The production of a multilayer structure, which is described only by way of example using an exemplary embodiment, can also be varied in a simple manner for other applications, in particular the materials, the number of further layers and the shape of the sections or the cut for the partial and complete separation of the sections can be varied. Overall, the method is ideally suited for a fully automatic process, with which a secure positioning of the individual layers relative to one another is ensured, at least in the multilayer section.
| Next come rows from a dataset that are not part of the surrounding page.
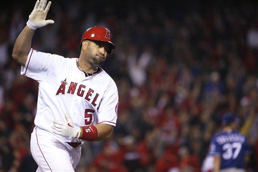 ANAHEIM, California, EE.UU. El dominicano Albert Pujols pegó un sencillo con las bases llenas y dos outs en el noveno inning para dar a los Angelinos de Los Ángeles su primera victoria de la temporada al imponerse el jueves por 4-3 a los Rangers de Texas.
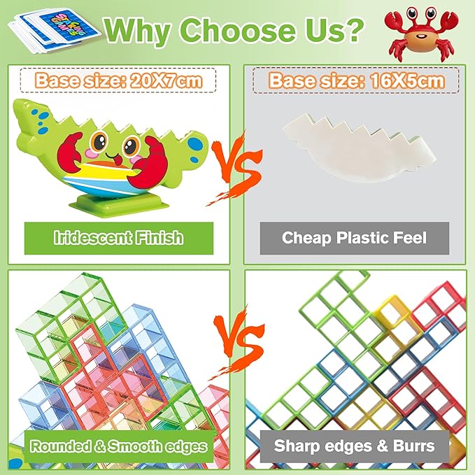 • 【Versatile Gameplay Options】 Play solo to build towers and balance skills, or challenge friends in a competitive mode using optional cards. Ideal for both independent and interactive play, promoting social skills and turn-taking.
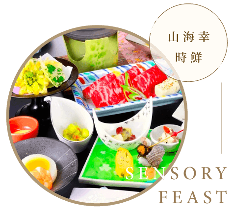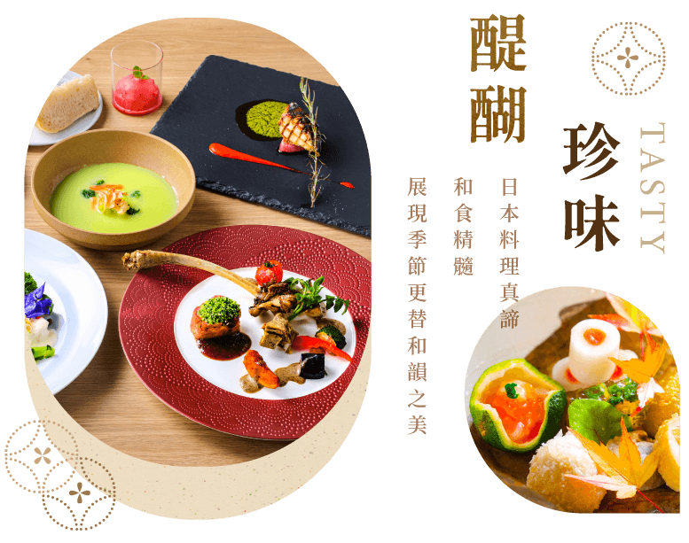 溫泉主廚創意:看著窗外四季變化;「款待的心」結合「和韻之美」,今晚,代表溫泉旅館的會席晚宴,就從第一品料理開始上演。

On cumbersome handling of individual layer sections is no longer necessary.

Claims

claims

1. A method for producing a multilayer structure (13) comprising a repeating layer sequence, comprising the steps:

Providing a band-shaped carrier material (1) Partially separating the carrier material into individual carrier sections (a, b, .. h), each of the same size and shape, while maintaining load-bearing connections (4) designed as webs between the individual sections

Continuous application of at least one further material layer (5) to at least one of the surfaces of the carrier material (1) - complete separation of the carrier material and the at least one further material layer along one

Separation line (6) using the partial separation already carried out, at least parts of the repeating layer sequence comprising multilayer sections (8) being obtained - regular stacking of the multilayer sections (8) to form the multilayer structure (13).

2. The method according to claim 1, wherein the partial separation of the carrier material (1) takes place in such a way that the carrier sections (a, b, ... h) have a smaller base area than the multilayer sections (8).
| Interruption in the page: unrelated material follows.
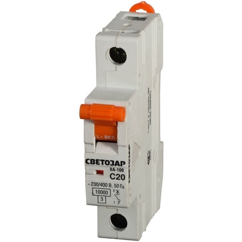 Автоматический 1-полюсный выключатель СВЕТОЗАР ″C″, 10 кА, 230/400 В выполняет функцию защиты установок от перегрузок и коротких замыканий. Он применяется в жилых, промышленных и административных зданиях. Главная особенность при выборе выключателя: он должен соответствовать напряжению и расчётному току цепи. Прибор выключает сеть при 5-10 кратном превышении номинальной силы тока. Выключатель превосходит параметры ГОСТ (от -5°С до +40°С), поскольку устойчив к температурам от -40°С до +45°С.
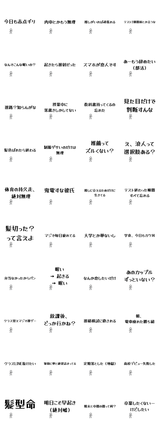 | スタンプ説明 | 進路、恋、睡眠不足――これが高校生。リアルな棒人間が送る“それな”の連続。元高校生も思わずうなずくネタ満載。 |

3. The method according to any one of claims 1 or 2, in which for the partial separation of the carrier material (1) recesses (3) are produced by punching out and in the complete separation cuts (6) in the region of the recesses by the at least one further Material layer (5) and the load-bearing connection (4) between the individual sections.
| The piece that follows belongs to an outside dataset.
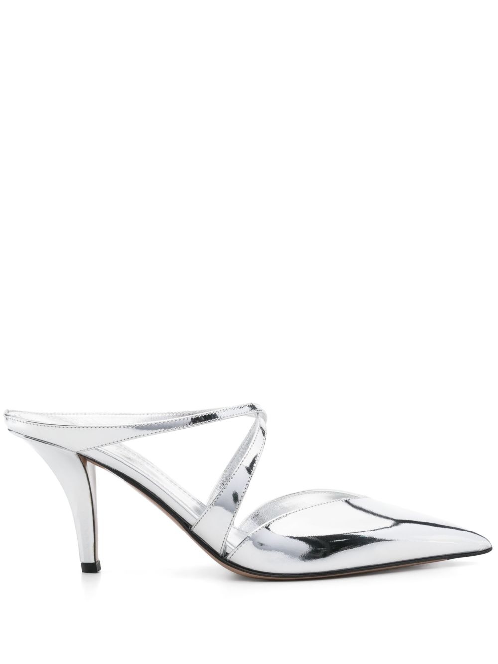 85mm Laila mules Highlights - Silver-tone - Sculpted heel - Branded insole - Crossover strap detail - Pointed toe Made in Italy Composition Sole: Calf Leather 100%, Rubber 100% Outer: Patent Calf Leather 100% Lining: Calf Leather 100% SIZE & FIT Measurement HEEL 3.34 in(8.5 cm)

4. The method as claimed in claim 3, in which the dividing line (6) is guided in the region of the webs (4) in such a way that a recess (7, 10) which points towards the center of the respective section is formed in the multilayer section (8).

5. The method according to any one of claims 1-4, in which a metal foil is used as the carrier material (1) and a porous electrode layer is used as the additional material layer (5) and in which the multilayer sections (8) act as electrodes for an electrical multilayer component (13) serve.

6. The method according to any one of claims 1 to 5, in which an intermediate layer (12) is inserted between each two multilayer sections.

7. Application of the method according to one of the preceding claims for the production of a multilayer capacitor (13), in which the multilayer sections (8) are separated by stacking on one another by separator foils (12).

8. Device for the continuous production of multilayer sections (8) with a series arrangement - a first feed device (15, 19) for a band-shaped carrier material (1) a first punching device (18) for partially separating the carrier material into individual carrier sections (a, b, ... h), a device (16, 17, 20, 21) for continuously applying at least one second material layer (5, 14) the carrier material (1) of a second punching device (22) for the complete separation of the carrier material and the at least one further material layer (5, 14) into individual multilayer sections (8).

9. The device according to claim 8, wherein the device for continuous application is designed as a second feed device (16) for tape-like second material (14).

10. Device according to one of claims 8 or 9, wherein the first and optionally the second feed device (15, 19, 17, 20, 21) comprise supply rolls (15, 17) of strip-shaped material.

11. The device according to any one of claims 8-10, wherein the device for continuous application is designed such that a second material layer (5, 14) can be applied to the top and bottom of the carrier material.